Down to the last line, print the data that follows exactly, without its pictures.

SUPPLIED INFORMATION:
******************************
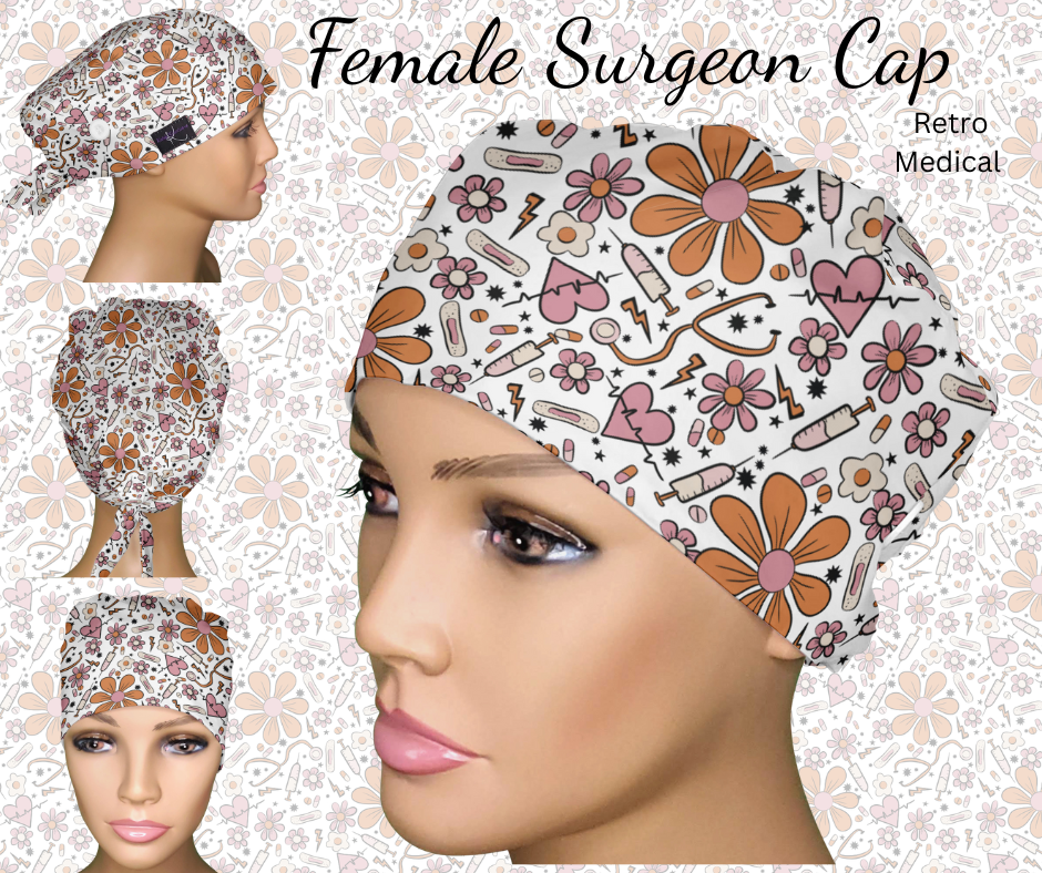 6. Female Surgeon Caps: Euro-Pixie Blend with Fabric Ties for Low Buns"
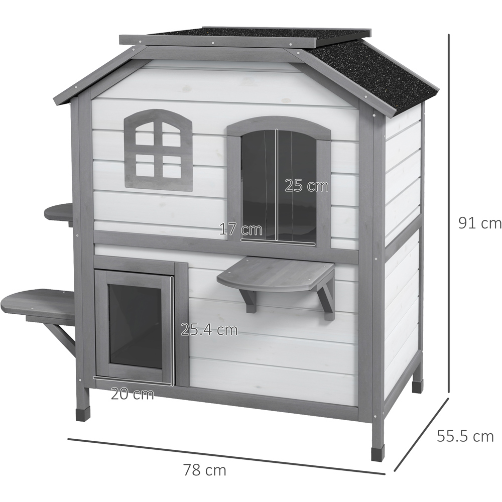 Create the perfect retreat for your cat with this PawHut White Kitten Condo, Catio Enclosure Furniture, and White. Constructed of fir wood with painting, this two-floor cat shelter can withstand being outdoors, and it's hard enough to hold up to 30kg. Its asphalt roof and wooden structure are water-resistant. With three jumping steps, two doors, a floor hole and an escape door, there are plenty of fun ways to get in and out for your cat. Finished with an openable roof, making it easy to get in and clean this cat house. It also keeps their area ventilated, preventing unpleasant odours from forming.
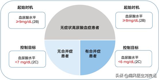 La clé du traitement des patients goutteux est de contrôler le taux d'acide urique dans le sang et de favoriser la dissolution et l'élimination des cristaux d'urate formés. Par conséquent, les patients atteints de goutte doivent utiliser des médicaments abaissant le taux d'acide urique, en fonction de leur état, ils peuvent être utilisés pour inhiber la production d'acide urique (allopurinol, febuxostat) ou pour favoriser l'élimination de l'acide urique (benzbromarone). Il est recommandé de contrôler le taux d'acide urique dans le sang à 360umol / L ou moins, comme la formation de calculs de goutte ou l'arthrite goutteuse chronique fréquente, les auteurs doivent être contrôlés à 300umol / L ou moins, afin de maximiser la promotion de la dissolution et de l'élimination des cristaux de sel d'acide urique. Les auteurs de l'étude ont également souligné la nécessité de réduire au minimum la récurrence de la goutte.
******************************
ANSWER FOR THIS EXERCISE:
 6. Female Surgeon Caps: Euro-Pixie Blend with Fabric Ties for Low Buns"
 Create the perfect retreat for your cat with this PawHut White Kitten Condo, Catio Enclosure Furniture, and White. Constructed of fir wood with painting, this two-floor cat shelter can withstand being outdoors, and it's hard enough to hold up to 30kg. Its asphalt roof and wooden structure are water-resistant. With three jumping steps, two doors, a floor hole and an escape door, there are plenty of fun ways to get in and out for your cat. Finished with an openable roof, making it easy to get in and clean this cat house. It also keeps their area ventilated, preventing unpleasant odours from forming.
 La clé du traitement des patients goutteux est de contrôler le taux d'acide urique dans le sang et de favoriser la dissolution et l'élimination des cristaux d'urate formés. Par conséquent, les patients atteints de goutte doivent utiliser des médicaments abaissant le taux d'acide urique, en fonction de leur état, ils peuvent être utilisés pour inhiber la production d'acide urique (allopurinol, febuxostat) ou pour favoriser l'élimination de l'acide urique (benzbromarone). Il est recommandé de contrôler le taux d'acide urique dans le sang à 360umol / L ou moins, comme la formation de calculs de goutte ou l'arthrite goutteuse chronique fréquente, les auteurs doivent être contrôlés à 300umol / L ou moins, afin de maximiser la promotion de la dissolution et de l'élimination des cristaux de sel d'acide urique. Les auteurs de l'étude ont également souligné la nécessité de réduire au minimum la récurrence de la goutte.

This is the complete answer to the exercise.